> _How to complete this task_
Your output should be the lines of the data that follow, reproduced exactly from the first through the line bearing "up / down、Del、タブなどのキーがついており、数字の入力やスプレッドシート作成などお手軽です。".

> _Exercise inputs_
========================================================================

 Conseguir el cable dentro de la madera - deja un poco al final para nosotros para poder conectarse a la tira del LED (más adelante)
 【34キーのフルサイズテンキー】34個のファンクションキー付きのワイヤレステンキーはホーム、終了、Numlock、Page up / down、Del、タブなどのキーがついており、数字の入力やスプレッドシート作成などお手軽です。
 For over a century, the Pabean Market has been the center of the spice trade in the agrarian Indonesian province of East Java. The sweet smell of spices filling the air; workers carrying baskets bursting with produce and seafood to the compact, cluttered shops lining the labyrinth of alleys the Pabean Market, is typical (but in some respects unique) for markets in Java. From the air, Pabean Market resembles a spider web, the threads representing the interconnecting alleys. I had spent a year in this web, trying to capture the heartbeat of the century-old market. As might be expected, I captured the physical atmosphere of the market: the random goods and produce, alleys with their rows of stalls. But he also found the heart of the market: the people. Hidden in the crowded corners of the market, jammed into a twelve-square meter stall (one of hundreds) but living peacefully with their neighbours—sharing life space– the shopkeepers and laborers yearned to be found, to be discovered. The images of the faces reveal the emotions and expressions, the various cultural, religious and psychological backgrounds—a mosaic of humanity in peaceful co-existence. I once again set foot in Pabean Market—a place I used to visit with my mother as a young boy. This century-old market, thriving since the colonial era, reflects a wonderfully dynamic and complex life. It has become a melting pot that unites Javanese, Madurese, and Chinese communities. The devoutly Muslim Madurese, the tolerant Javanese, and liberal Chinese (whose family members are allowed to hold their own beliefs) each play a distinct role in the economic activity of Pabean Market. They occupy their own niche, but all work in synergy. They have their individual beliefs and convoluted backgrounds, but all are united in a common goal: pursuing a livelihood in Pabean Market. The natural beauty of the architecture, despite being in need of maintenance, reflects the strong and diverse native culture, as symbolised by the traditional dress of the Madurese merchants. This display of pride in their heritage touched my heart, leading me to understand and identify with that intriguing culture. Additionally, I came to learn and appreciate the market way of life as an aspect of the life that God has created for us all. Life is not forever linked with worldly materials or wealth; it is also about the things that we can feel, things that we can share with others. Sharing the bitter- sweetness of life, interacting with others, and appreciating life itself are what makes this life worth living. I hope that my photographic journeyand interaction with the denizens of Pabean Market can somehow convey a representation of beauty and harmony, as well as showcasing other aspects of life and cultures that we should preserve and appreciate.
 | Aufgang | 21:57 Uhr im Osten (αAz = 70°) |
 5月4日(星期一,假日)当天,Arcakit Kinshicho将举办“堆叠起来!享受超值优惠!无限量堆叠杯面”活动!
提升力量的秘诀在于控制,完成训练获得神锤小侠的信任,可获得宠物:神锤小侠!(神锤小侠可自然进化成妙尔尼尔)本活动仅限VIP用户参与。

========================================================================

> _Expected output_
 Conseguir el cable dentro de la madera - deja un poco al final para nosotros para poder conectarse a la tira del LED (más adelante)
 【34キーのフルサイズテンキー】34個のファンクションキー付きのワイヤレステンキーはホーム、終了、Numlock、Page up / down、Del、タブなどのキーがついており、数字の入力やスプレッドシート作成などお手軽です。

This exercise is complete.